_Activity_.
Somewhere below, one line contains "Empower your little" and a later line contains "- Stamps or". Output those two lines and everything between them exactly, and nothing else.

(Record excerpts Opens)

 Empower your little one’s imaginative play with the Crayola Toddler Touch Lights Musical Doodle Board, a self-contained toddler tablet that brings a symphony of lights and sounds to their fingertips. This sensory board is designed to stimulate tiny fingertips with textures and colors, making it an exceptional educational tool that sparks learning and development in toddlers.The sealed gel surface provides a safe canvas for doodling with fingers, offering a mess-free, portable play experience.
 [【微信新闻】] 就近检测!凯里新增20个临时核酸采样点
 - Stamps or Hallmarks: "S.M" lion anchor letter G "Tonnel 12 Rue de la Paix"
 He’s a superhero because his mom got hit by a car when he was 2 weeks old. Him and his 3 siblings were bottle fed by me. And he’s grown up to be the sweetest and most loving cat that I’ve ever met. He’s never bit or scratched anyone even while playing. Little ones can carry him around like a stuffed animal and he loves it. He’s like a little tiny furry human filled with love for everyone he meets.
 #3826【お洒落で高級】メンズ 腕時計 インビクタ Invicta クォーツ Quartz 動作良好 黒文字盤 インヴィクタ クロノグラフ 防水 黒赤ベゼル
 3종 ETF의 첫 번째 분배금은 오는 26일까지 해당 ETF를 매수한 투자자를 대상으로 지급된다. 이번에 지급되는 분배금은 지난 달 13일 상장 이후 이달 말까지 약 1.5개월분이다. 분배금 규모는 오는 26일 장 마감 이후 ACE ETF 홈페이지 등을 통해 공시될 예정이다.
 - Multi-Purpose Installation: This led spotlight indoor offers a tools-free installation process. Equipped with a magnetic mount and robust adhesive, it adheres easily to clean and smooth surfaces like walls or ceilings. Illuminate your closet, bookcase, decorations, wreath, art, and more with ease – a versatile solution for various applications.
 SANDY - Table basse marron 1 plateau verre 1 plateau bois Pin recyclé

(Record excerpts Closes)
(Record excerpts Opens)

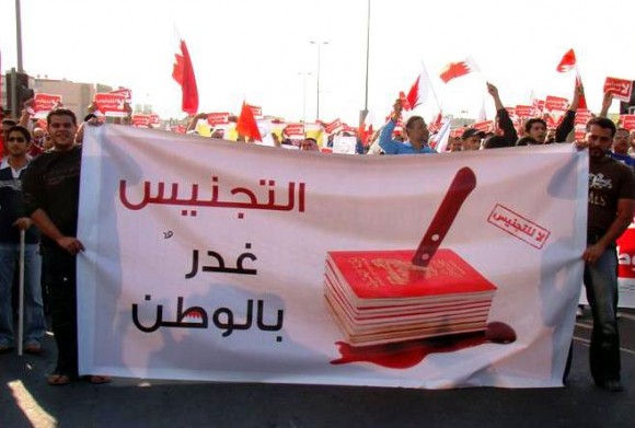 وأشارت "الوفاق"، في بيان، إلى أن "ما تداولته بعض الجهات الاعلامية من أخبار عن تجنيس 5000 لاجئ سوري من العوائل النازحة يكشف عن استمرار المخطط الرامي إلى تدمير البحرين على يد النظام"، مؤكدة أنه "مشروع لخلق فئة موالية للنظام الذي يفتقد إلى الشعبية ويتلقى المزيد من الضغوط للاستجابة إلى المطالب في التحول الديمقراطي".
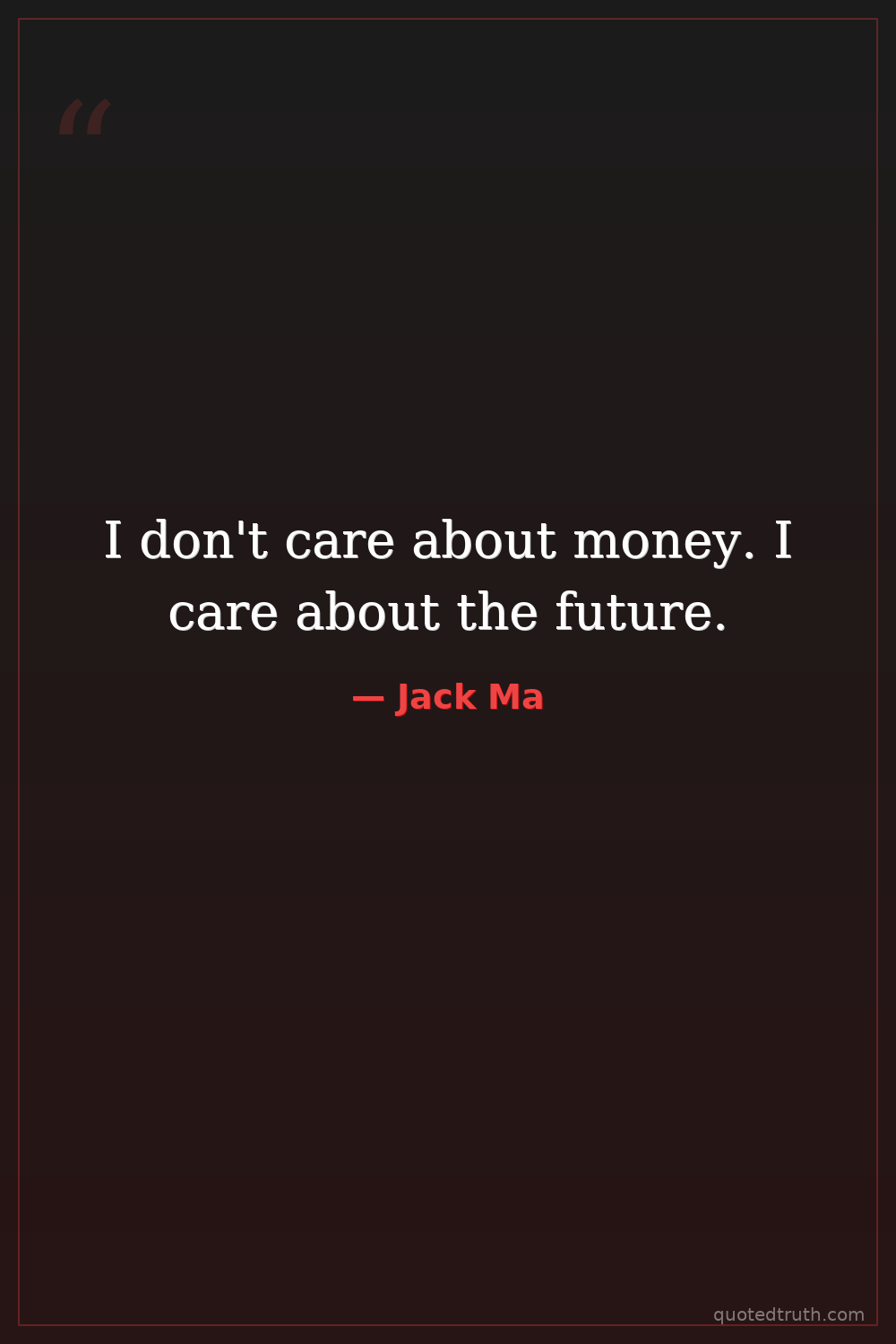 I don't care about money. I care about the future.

(Record excerpts Closes)
(Record excerpts Opens)

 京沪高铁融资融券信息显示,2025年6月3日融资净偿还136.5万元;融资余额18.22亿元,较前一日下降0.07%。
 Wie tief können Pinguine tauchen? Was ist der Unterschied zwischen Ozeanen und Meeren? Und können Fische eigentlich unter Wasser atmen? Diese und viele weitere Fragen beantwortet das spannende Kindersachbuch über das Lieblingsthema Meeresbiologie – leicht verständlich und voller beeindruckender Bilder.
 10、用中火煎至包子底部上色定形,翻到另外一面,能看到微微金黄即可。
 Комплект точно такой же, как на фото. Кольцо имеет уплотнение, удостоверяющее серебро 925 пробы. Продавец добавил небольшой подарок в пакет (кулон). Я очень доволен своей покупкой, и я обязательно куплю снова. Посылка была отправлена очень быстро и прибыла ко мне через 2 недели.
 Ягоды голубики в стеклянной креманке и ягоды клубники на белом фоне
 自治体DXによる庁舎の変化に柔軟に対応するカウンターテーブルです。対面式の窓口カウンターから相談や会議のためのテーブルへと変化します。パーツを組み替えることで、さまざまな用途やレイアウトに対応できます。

(Record excerpts Closes)

_Result below_.
 Empower your little one’s imaginative play with the Crayola Toddler Touch Lights Musical Doodle Board, a self-contained toddler tablet that brings a symphony of lights and sounds to their fingertips. This sensory board is designed to stimulate tiny fingertips with textures and colors, making it an exceptional educational tool that sparks learning and development in toddlers.The sealed gel surface provides a safe canvas for doodling with fingers, offering a mess-free, portable play experience.
 [【微信新闻】] 就近检测!凯里新增20个临时核酸采样点
 - Stamps or Hallmarks: "S.M" lion anchor letter G "Tonnel 12 Rue de la Paix"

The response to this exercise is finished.